Collected data »
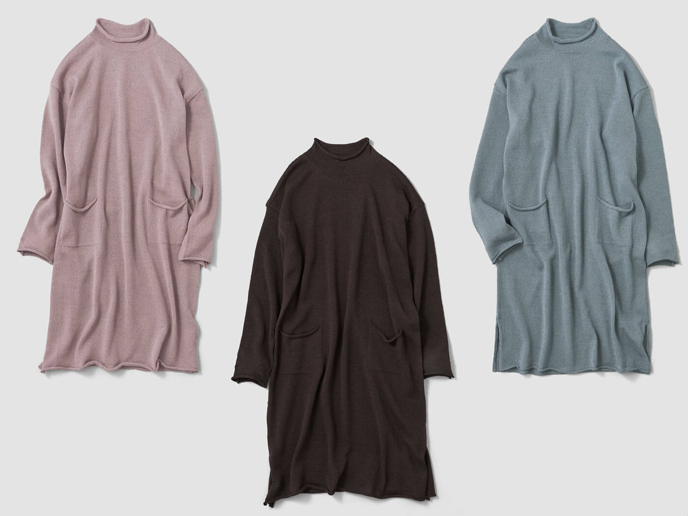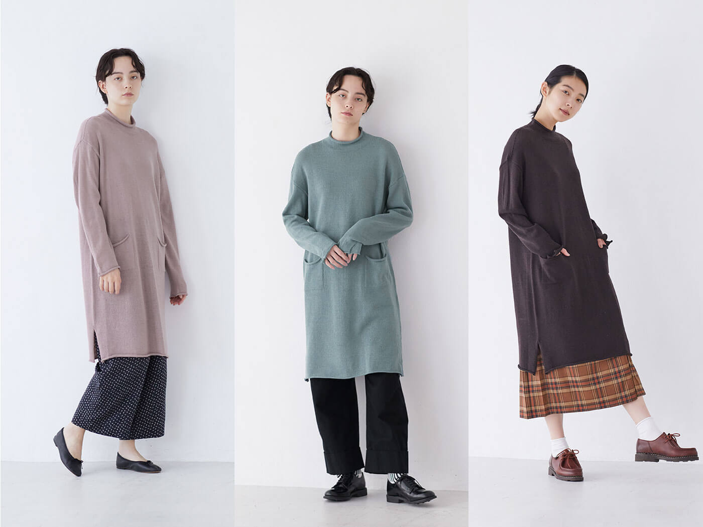 手仕事の雰囲気をのこしたレディスのニットワンピースと
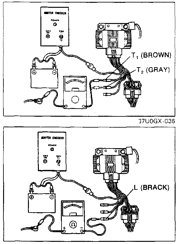 NOTE: Before inspection, make sure battery is at or near full charge. Test requires use of Mazda SST's or equivalent. On SST IGNITER CHECKER, Switch 1 may be in any position.
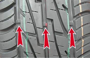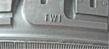 Выступы имеют высоту 1,6 мм. Как только высота протектора сравняется с высотой выступа, шина подлежит замене. Индикаторы расположены по всей окружности шины на некотором расстоянии друг от друга. Находим их по условным обозначениям в виде букв "TWI" или стрелкам "▲" на боковине шины.
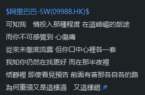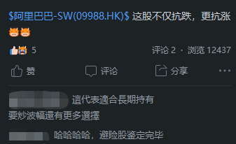 还有牛友无奈地表示阿里是:“众人皆醒你独醉。”异动狗仔细研究了下阿里这表现,后劲挺大,喝的酱香味?
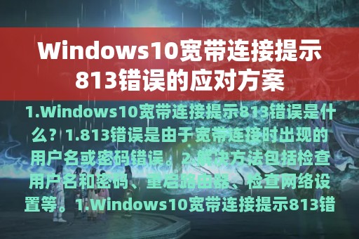 当我们使用Windows10系统进行宽带连接时,有时会出现“错误813:您的计算机不支持网络协议”等提示。这个错误提示意味着您的计算机无法与您的宽带网络建立连接。
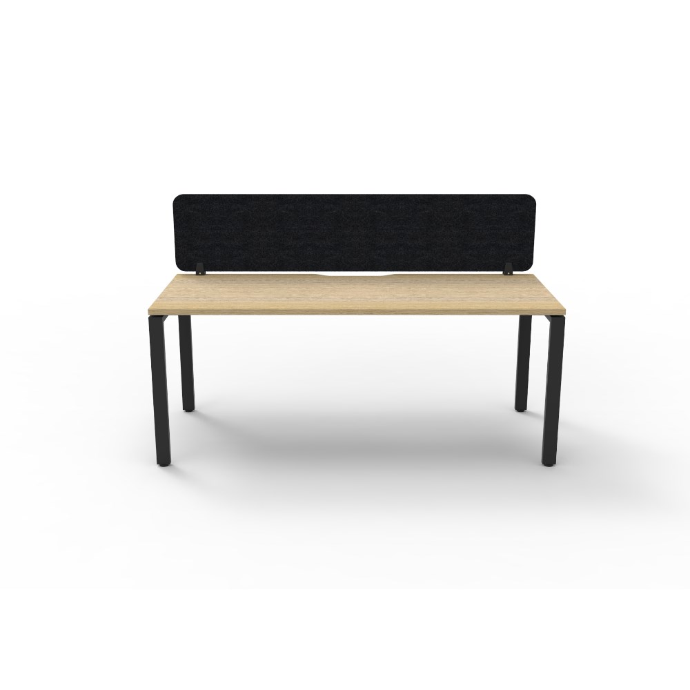 Natural Oak worksurface with rigid edging and 410mmW x 50mmD scallop cable access. Black Satin powder coat frame. Eco screen. Dimensions: 1200W x 780D x 730mmH. Per User: 1200W x 750D x 730mmH. Overall Height including screen 1130mmH. Black 1200W x 400H x 27mmT Eco Panel Screen. 60mm x 30mm profile legs. Dual cross bar for added stability. E0 enviroboard melamine worksurface. Adjustable levelling feet. AFRDI Certified. 5 Year Manufacturer's Warranty. Delivery, installation and assembly charges may apply to furniture. Please enquire to confirm.
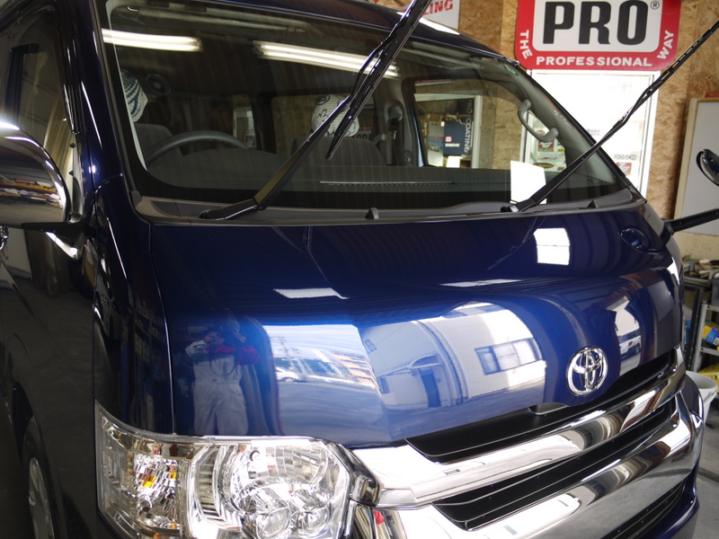 PROガラスコーティングPCX-S7・フロントガラス撥水コートPGS-33施工 トヨタハイエースワゴン(10人乗り)
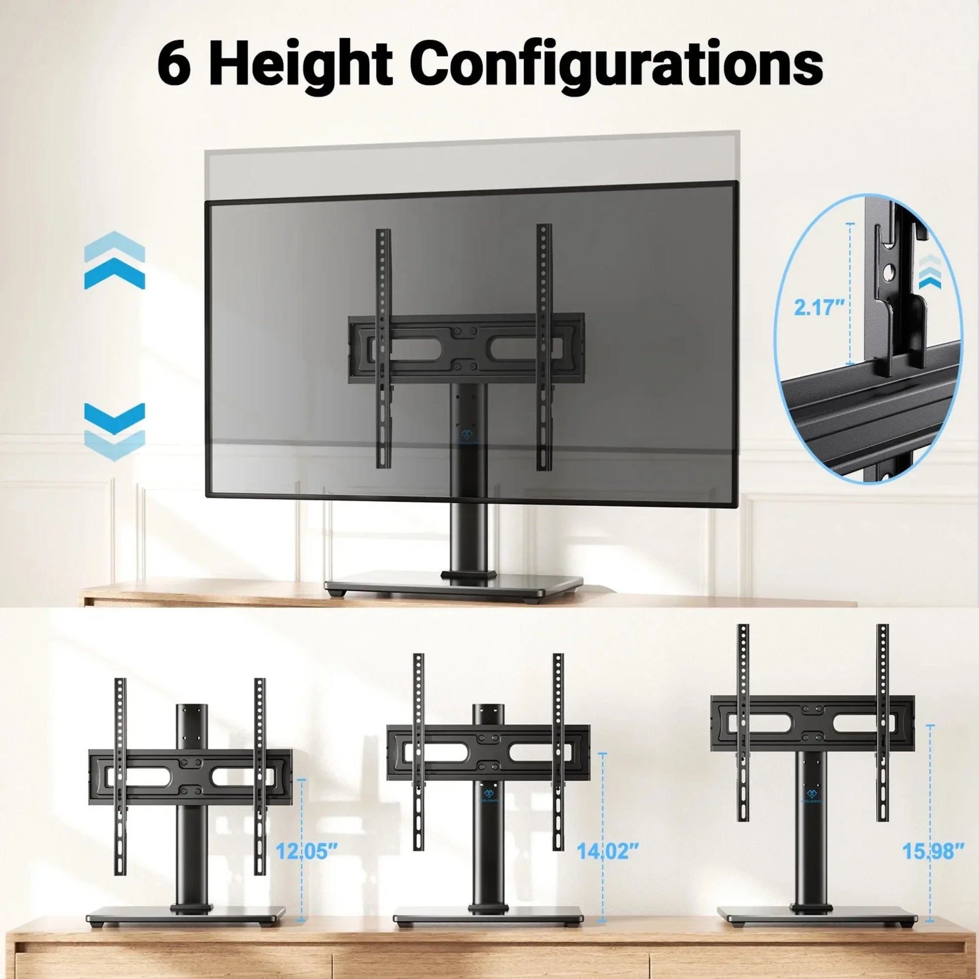 - Six height positions provide precise placement for a comfortable, eye-level view on most TV models, with smooth adjustment and secure locking.
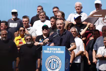 - penyelenggara : Dalam pertemuan yang memunculkan usulan mobilisasi pada hari Rabu ini, para peserta Gerardo Martinez (Uocra), Hector Daer (Kesehatan), José Luis Lingeri (Pekerjaan Sanitasi), Sergio Romero (UDA), Julio Piumato dan Maia Volcovinsky (Peradilan). Para legislator yang berasal dari serikat pekerja juga hadir, seperti wakil nasional Sergio Palazzo (La Bancaria) dan Hugo Moyano (putra), penasihat hukum CGT.
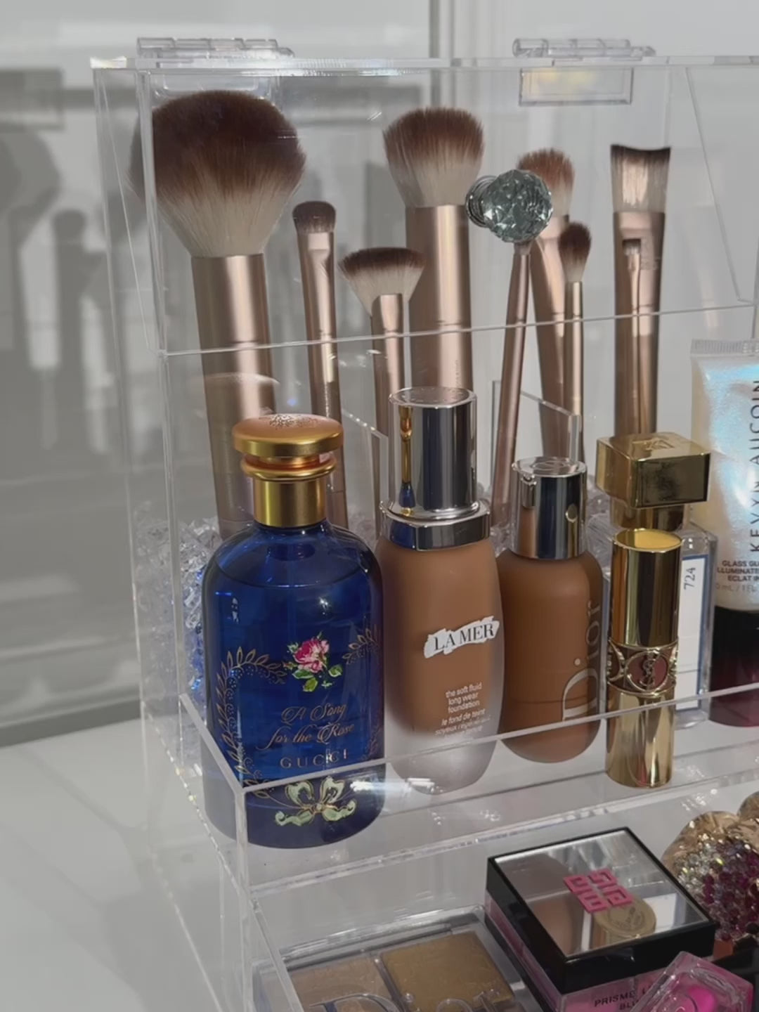 The Make-up Base organizer är ett snyggt och funktionellt sätt att visa upp alla dina vardagliga essentials. Från foundation till cream blush och till och med dina sminkborstar, den här organisatören har plats för att visa upp allt. Den högkvalitativa akryldesignen gör att du kan se dina favoritartiklar med en blick. Med sin halkfria botten säkerställer den stabilitet vid användning.
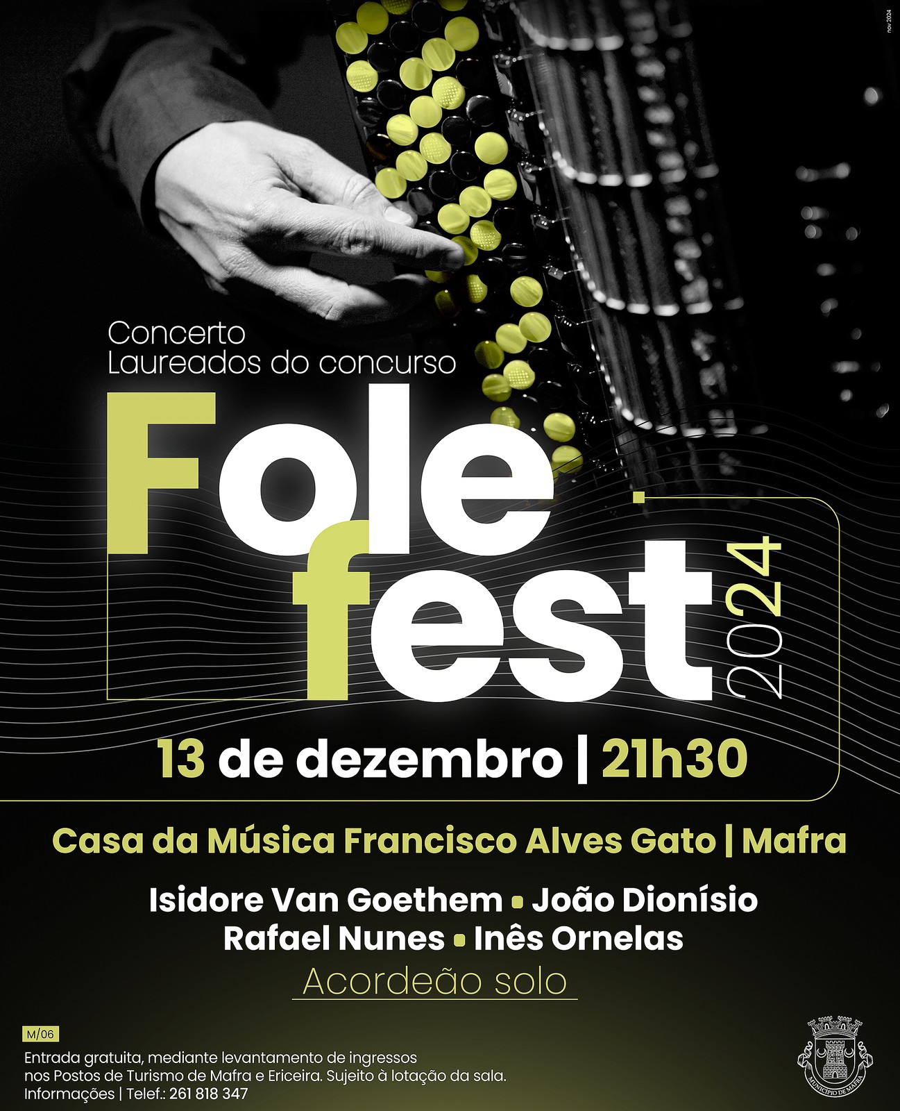 Os laureados do concurso de acordeão “Folefest” apresentam-se em concerto na Casa da Música Francisco Alves Gato, em Mafra, no dia 13 de dezembro, pelas 21h30.
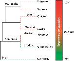 Phylogenetic tree of taxons and common species used as models of regeneration. Coloured dashed lines denote the general regenerative capacity of each taxon, from high (green) to low (dark red). However, it should be noted that this capacity might vary amongst species within the same taxon (e.g. salamanders, teleost fish) and with age within the same species (e.g. fetal versus adult in mammals, or tadpoles versus adults in Xenopus). Lines are not to scale with regards to time.
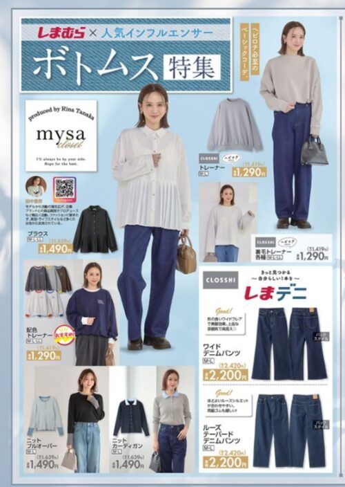 しまむら『田中里奈』コラボ!mysa closet (ミーサ クローゼット)のデニムとトップスが2026年1月31日(土)より発売!ボトムスフェア!
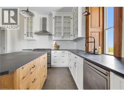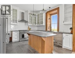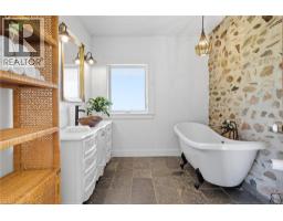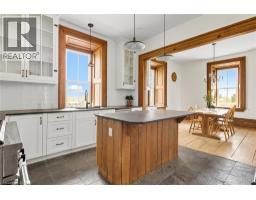 Step back in time and experience the magic of this 1800s fieldstone century home—where history and modern craftsmanship blend into something truly extraordinary. Lovingly restored from the studs up, every detail of this home has been carefully reimagined to honour its past while embracing the comforts of today. The heart of the home is its sun-drenched main floor, where 12-inch pine flooring, oversized baseboards, and deep windowsills frame the charm of each room. The kitchen is as functional as it is enchanting, featuring slate countertops, repurposed sunroom windows transformed into cabinetry, a six-burner gas oven, and an industrial dishwasher designed for effortless entertaining. A clawfoot tub, copper sink, and exposed stone wall bring timeless character to the main-floor bathroom, while the formal dining room, elegant staircase, living room and a main-level bedroom complete this inviting space. Upstairs, four generous bedrooms unfold, along with a three-piece bath in one of the bedrooms for convenience, another three-piece bath plus laundry extend into the addition of the home, and a bonus skylit retreat—perfect as an office, studio, or reading nook. The attic and dual basements offer endless potential to add finish space to the home, with one basement boasting a walkout to the yard. Outside, the story continues across just over an acre of land. A wraparound porch offers sweeping views of the surrounding cornfields, where the colours of every season paint the perfect backdrop. A charming greenhouse waits at the back, ready for new life to flourish. A rare blend of history, heart, and possibility—this one-of-a-kind century home is ready for its next chapter. (id:50886)
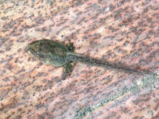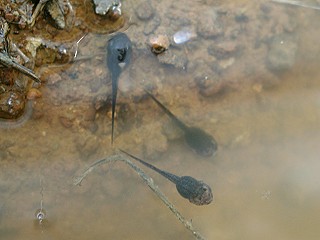 蝌蚪: 蛙卵孵化後便是蝌蚪,生活完全在水中,在水中以鰓和皮膚交換氣體呼吸。 當卵囊中的養分用完後,小蝌蚪便需自行在水中覓食,取食水中落葉、腐植質、藻類等,家中飼育時可餵食水族飼料、飯菜或水果、皮等。 蝌蚪的活動主靠鰭狀的長尾在水中擺動前進,白天的活動較少,多在夜間活動。生活在水流較強的種類,體型較流線型,並可利用嘴部的吸盤,固定以免著水流充走。 (左圖為翡翠樹蛙) |
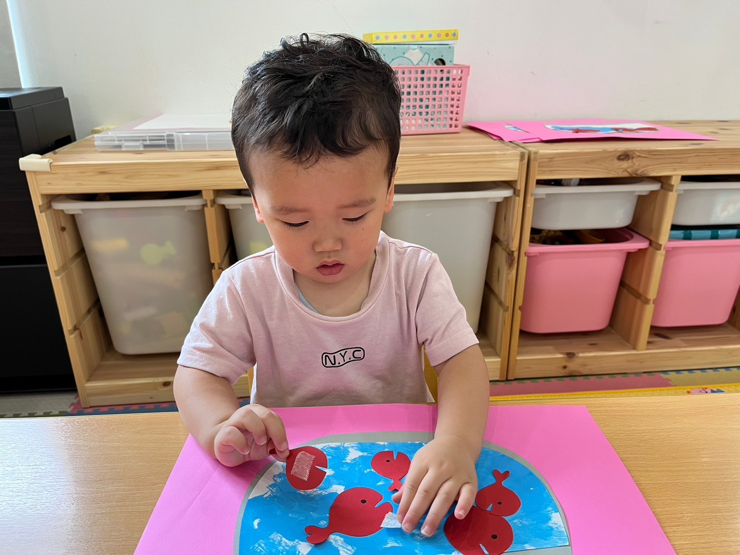 次の日、みんなが絵の具で塗ってくれた金魚鉢に、金魚を貼りました。
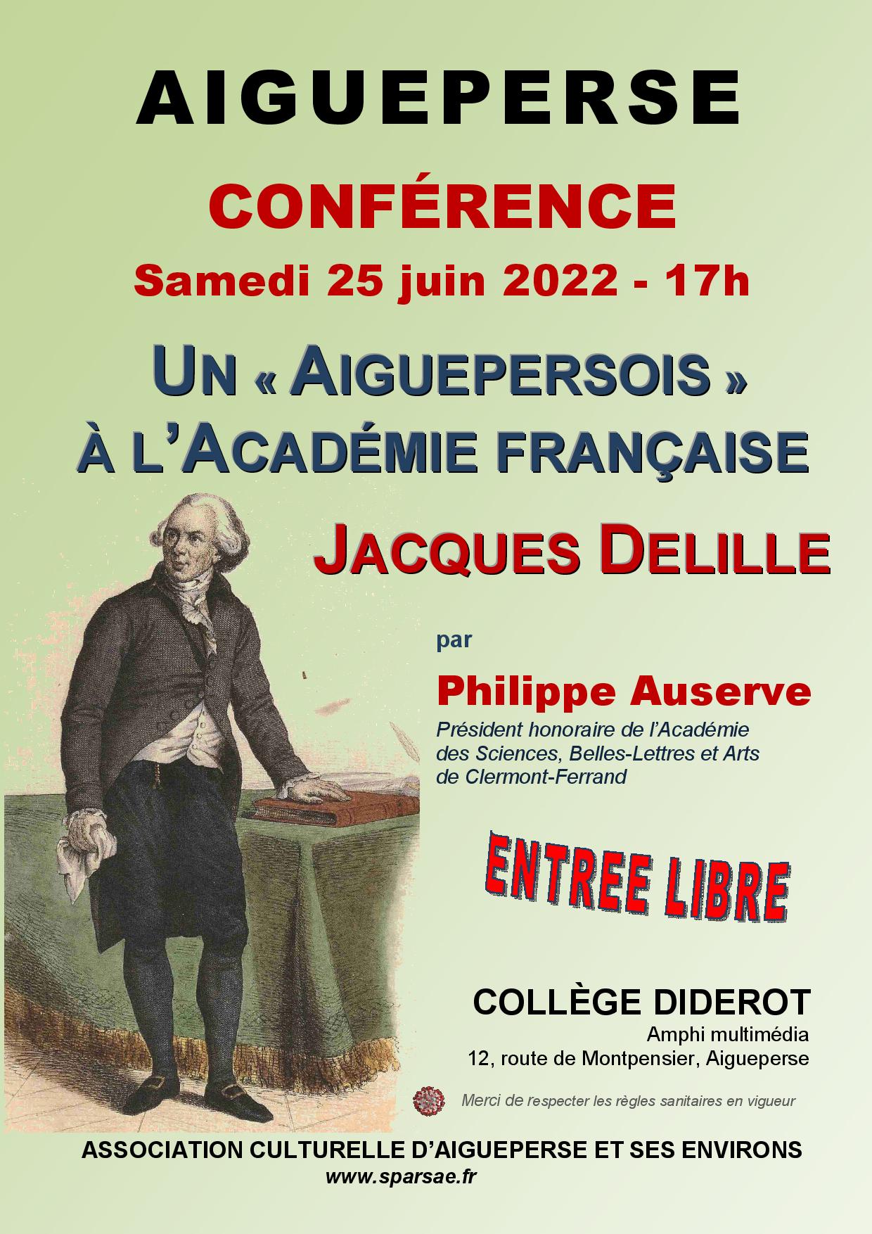 À l’invitation de l’Association culturelle d’Aigueperse et ses environs (ACAE), samedi 25 juin, Philippe Auserve, président honoraire de l’Académie des Sciences, Arts et Belles-lettres de Clermont-Ferrand, fondateur et conservateur du Musée des peintres de l’École de Murol, a présenté au collège Diderot d’Aigueperse, une conférence sur « Jacques Delille, ‘Aiguepersois’ à l’Académie française ».

Exercise instructions »
Please keep every line of the data the same when you reproduce it, and keep every picture out.

Exercise answer »
 手仕事の雰囲気をのこしたレディスのニットワンピースと
 NOTE: Before inspection, make sure battery is at or near full charge. Test requires use of Mazda SST's or equivalent. On SST IGNITER CHECKER, Switch 1 may be in any position.
 Выступы имеют высоту 1,6 мм. Как только высота протектора сравняется с высотой выступа, шина подлежит замене. Индикаторы расположены по всей окружности шины на некотором расстоянии друг от друга. Находим их по условным обозначениям в виде букв "TWI" или стрелкам "▲" на боковине шины.
 还有牛友无奈地表示阿里是:“众人皆醒你独醉。”异动狗仔细研究了下阿里这表现,后劲挺大,喝的酱香味?
 当我们使用Windows10系统进行宽带连接时,有时会出现“错误813:您的计算机不支持网络协议”等提示。这个错误提示意味着您的计算机无法与您的宽带网络建立连接。
 Natural Oak worksurface with rigid edging and 410mmW x 50mmD scallop cable access. Black Satin powder coat frame. Eco screen. Dimensions: 1200W x 780D x 730mmH. Per User: 1200W x 750D x 730mmH. Overall Height including screen 1130mmH. Black 1200W x 400H x 27mmT Eco Panel Screen. 60mm x 30mm profile legs. Dual cross bar for added stability. E0 enviroboard melamine worksurface. Adjustable levelling feet. AFRDI Certified. 5 Year Manufacturer's Warranty. Delivery, installation and assembly charges may apply to furniture. Please enquire to confirm.
 PROガラスコーティングPCX-S7・フロントガラス撥水コートPGS-33施工 トヨタハイエースワゴン(10人乗り)
 - Six height positions provide precise placement for a comfortable, eye-level view on most TV models, with smooth adjustment and secure locking.
 - penyelenggara : Dalam pertemuan yang memunculkan usulan mobilisasi pada hari Rabu ini, para peserta Gerardo Martinez (Uocra), Hector Daer (Kesehatan), José Luis Lingeri (Pekerjaan Sanitasi), Sergio Romero (UDA), Julio Piumato dan Maia Volcovinsky (Peradilan). Para legislator yang berasal dari serikat pekerja juga hadir, seperti wakil nasional Sergio Palazzo (La Bancaria) dan Hugo Moyano (putra), penasihat hukum CGT.
 The Make-up Base organizer är ett snyggt och funktionellt sätt att visa upp alla dina vardagliga essentials. Från foundation till cream blush och till och med dina sminkborstar, den här organisatören har plats för att visa upp allt. Den högkvalitativa akryldesignen gör att du kan se dina favoritartiklar med en blick. Med sin halkfria botten säkerställer den stabilitet vid användning.
 Os laureados do concurso de acordeão “Folefest” apresentam-se em concerto na Casa da Música Francisco Alves Gato, em Mafra, no dia 13 de dezembro, pelas 21h30.
 Phylogenetic tree of taxons and common species used as models of regeneration. Coloured dashed lines denote the general regenerative capacity of each taxon, from high (green) to low (dark red). However, it should be noted that this capacity might vary amongst species within the same taxon (e.g. salamanders, teleost fish) and with age within the same species (e.g. fetal versus adult in mammals, or tadpoles versus adults in Xenopus). Lines are not to scale with regards to time.
 しまむら『田中里奈』コラボ!mysa closet (ミーサ クローゼット)のデニムとトップスが2026年1月31日(土)より発売!ボトムスフェア!
 Step back in time and experience the magic of this 1800s fieldstone century home—where history and modern craftsmanship blend into something truly extraordinary. Lovingly restored from the studs up, every detail of this home has been carefully reimagined to honour its past while embracing the comforts of today. The heart of the home is its sun-drenched main floor, where 12-inch pine flooring, oversized baseboards, and deep windowsills frame the charm of each room. The kitchen is as functional as it is enchanting, featuring slate countertops, repurposed sunroom windows transformed into cabinetry, a six-burner gas oven, and an industrial dishwasher designed for effortless entertaining. A clawfoot tub, copper sink, and exposed stone wall bring timeless character to the main-floor bathroom, while the formal dining room, elegant staircase, living room and a main-level bedroom complete this inviting space. Upstairs, four generous bedrooms unfold, along with a three-piece bath in one of the bedrooms for convenience, another three-piece bath plus laundry extend into the addition of the home, and a bonus skylit retreat—perfect as an office, studio, or reading nook. The attic and dual basements offer endless potential to add finish space to the home, with one basement boasting a walkout to the yard. Outside, the story continues across just over an acre of land. A wraparound porch offers sweeping views of the surrounding cornfields, where the colours of every season paint the perfect backdrop. A charming greenhouse waits at the back, ready for new life to flourish. A rare blend of history, heart, and possibility—this one-of-a-kind century home is ready for its next chapter. (id:50886)
 蝌蚪: 蛙卵孵化後便是蝌蚪,生活完全在水中,在水中以鰓和皮膚交換氣體呼吸。 當卵囊中的養分用完後,小蝌蚪便需自行在水中覓食,取食水中落葉、腐植質、藻類等,家中飼育時可餵食水族飼料、飯菜或水果、皮等。 蝌蚪的活動主靠鰭狀的長尾在水中擺動前進,白天的活動較少,多在夜間活動。生活在水流較強的種類,體型較流線型,並可利用嘴部的吸盤,固定以免著水流充走。 (左圖為翡翠樹蛙) |
 次の日、みんなが絵の具で塗ってくれた金魚鉢に、金魚を貼りました。
 À l’invitation de l’Association culturelle d’Aigueperse et ses environs (ACAE), samedi 25 juin, Philippe Auserve, président honoraire de l’Académie des Sciences, Arts et Belles-lettres de Clermont-Ferrand, fondateur et conservateur du Musée des peintres de l’École de Murol, a présenté au collège Diderot d’Aigueperse, une conférence sur « Jacques Delille, ‘Aiguepersois’ à l’Académie française ».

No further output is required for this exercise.